If the program can match parts of text of a document to known text, then the attacker will be able to observe that and extract the information. Obfuscation of the code may make it harder, but if the information is valuable enough, then the attacker will just work harder.

It seems that it would be better if the server can be run in a secure fashion and limiting physical access as much as possible. There are, of course, still a lot of issues involved (code would need to be audited for malicious code for example since the developers are apparently not trusted) but that at least gets you to a position that has a chance of being defended.

Edit A couple thoughts about encryption in the context of what you are trying to do.  If you are using, for example, AES encryption in CBC (cipher block chaining) mode, then it is not possible to decrypt a single word from the document (assuming the document is encrypted as a whole). Each block of cipher text depends on the preceding block. Thus, it would be necessary to decrypt the entire document up to the point of interest.  In other words, you would have to decrypt the entire document to search it.

Another encryption possibility would be to use AES in CTR mode. CTR mode generates cipher stream (based on the key and some initialization vector) and XORs that against the plain text to produce the cipher text. In this mode, it is possible to decrypt a portion in the middle of the document without decrypting the previous section. But that is somewhat misleading and a bit of a semantics argument. Even though you don't have to decrypt the preceding section, it is still necessary to generate the cipher stream for the entire document up to the point of interest. And from an attacker's standpoint, that would be the same as decrypting the document since the attacker would have access to the encrypted text (presumably in the situation you describe) and the generated XOR stream, which would yield the plain text.

Your proposed solution #1 is a very very difficult problem - known to be solvable, but almost certainly not worth your while to solve.

The technique you would want for it is Homomorphic Encryption. It was first demonstrated in 2009 by Craig Gentry of IBM that arbitrary computation can be performed without revealing the plaintext.
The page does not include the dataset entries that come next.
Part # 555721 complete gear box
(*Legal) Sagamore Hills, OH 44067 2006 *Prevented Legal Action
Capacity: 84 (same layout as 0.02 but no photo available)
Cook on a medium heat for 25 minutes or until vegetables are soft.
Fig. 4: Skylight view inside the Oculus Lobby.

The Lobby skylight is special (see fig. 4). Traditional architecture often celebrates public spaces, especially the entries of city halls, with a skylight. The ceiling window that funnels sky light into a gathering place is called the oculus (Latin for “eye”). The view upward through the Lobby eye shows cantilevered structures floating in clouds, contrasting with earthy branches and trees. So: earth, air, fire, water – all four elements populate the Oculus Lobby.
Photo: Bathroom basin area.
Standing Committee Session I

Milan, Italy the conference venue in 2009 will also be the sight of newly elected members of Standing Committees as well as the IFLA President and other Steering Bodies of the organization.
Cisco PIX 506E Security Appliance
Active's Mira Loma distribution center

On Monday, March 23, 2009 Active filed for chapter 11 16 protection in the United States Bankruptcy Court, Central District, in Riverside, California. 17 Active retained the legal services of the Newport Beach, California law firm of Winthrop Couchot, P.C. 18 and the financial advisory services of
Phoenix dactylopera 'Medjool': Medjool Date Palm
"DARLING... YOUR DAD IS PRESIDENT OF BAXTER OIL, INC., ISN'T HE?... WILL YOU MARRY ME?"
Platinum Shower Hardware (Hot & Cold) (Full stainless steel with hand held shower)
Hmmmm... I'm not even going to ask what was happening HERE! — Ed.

The state-of-the-art is probably too inefficient for almost all applications - while exponential security can be obtained with "polynomial" computation (which is all the theorists really care about), the polynomial is enormous enough to be not valuable. This might change in the near future.

With that said, I don't see any reason why you can't:

hash each entry in the dictionary
(split each entry on whitespace, multiword entries are tuples of hashes)
split document on whitespace, hash each word
do the matching with the hashes

Essentially, you're matching arbitrary items, not inherently words. The client can produce the words-items map, and pass the items to the server. The server doesn't need to know anything about the items, just that an item from the dictionary appears in the text.